На допросах художник и кот молчали по-разному: Леонардо — растерянно, кот — благородно. Устроили очную ставку. В ходе которой не только обвинение рассыпалось начисто, но и произошло то, на что менее всего рассчитывал анонимный каверзник, — сквозь внезапно обнаружившиеся прорехи мировой гармонии Леонардо увидел своего кота.

С тех пор по ночам кот светился. Даже для Флоренции эпохи Лоренцо Великолепного это представлялось достаточно смелым и оригинальным моментом. Впоследствии было предложено огромное множество исчерпывающих научных объяснений данному явлению, что само по себе надёжно убеждает нас в бессмысленности и ненужности научных объяснений как жанра.

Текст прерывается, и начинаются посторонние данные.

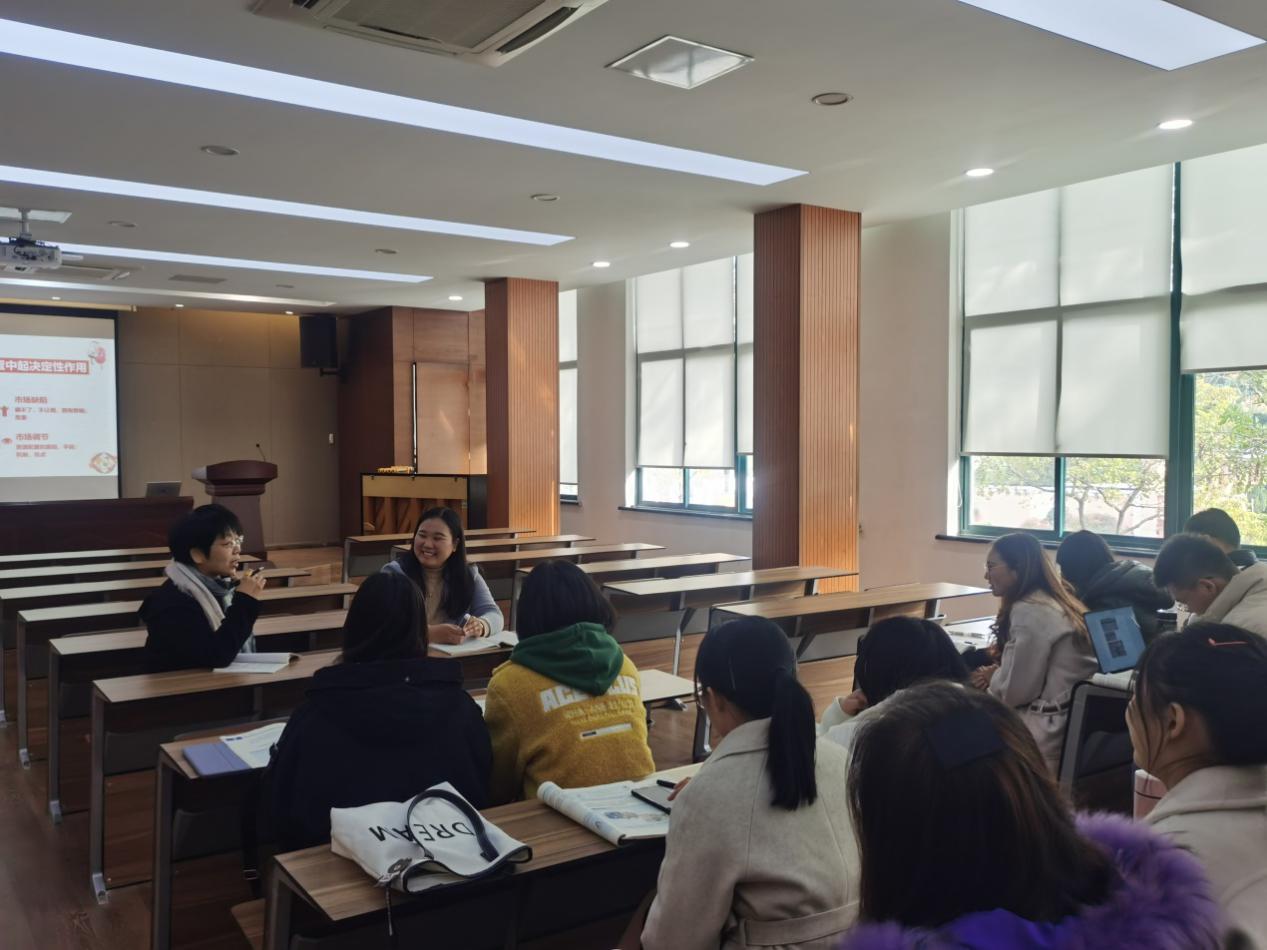 在反思交流环节,浦香老师根据同学们的提问给出不同角度的指导。一是在备课过程中,同学们既要注重参考同行优秀教师的备课思路,又要提高自身捕捉当前社会时政热点的敏锐度。要注重素材积累,提高备课能力,努力使教学内容既源于生活又高于生活。二是在将来的求职过程中,同学们要充分了解初高中教材知识的逻辑结构,增强对教材的驾驭能力和对知识点的思考能力,结合思政学科综合性、时代性的特点,对于同一案例从多角度进行分析,在追求良好课堂效果的同时,展现个人魅力。

К тому же кот не просто светился, но, будучи в таковом состоянии, позволял себе легко запрыгивать под купол или на колокольню собора Санта Мария дель Фьоре. Флуоресцирующий кот, запрыгивающий на стройную бело-розовую колокольню, творение гениального Джотто, причём непременно с каким-нибудь цветком в зубах, и молчаливо вышагивающий победное каре по парапету верхнего яруса, не раз доводил до исступления каноника собора, добрейшего отца Бартоломео. А однажды и вовсе угнал его в поля.

Справедливости ради заметим, что отношение кота к находящемуся буквально рядом баптистерию святого Иоанна, а также к собору Сан Лоренцо и, в особенности, к монастырю святого Марка было несколько иным. Более сдержанным, что ли.

 

* * *

В это же время у перешагнувших своё двадцатилетие юношей Кристофоро и Джироламо наметились некоторые сходные особенности характера, а именно: неясная тоска, томление, острое понимание отсутствия в их жизни чего-то важного и столь же острое стремление это нечто настичь.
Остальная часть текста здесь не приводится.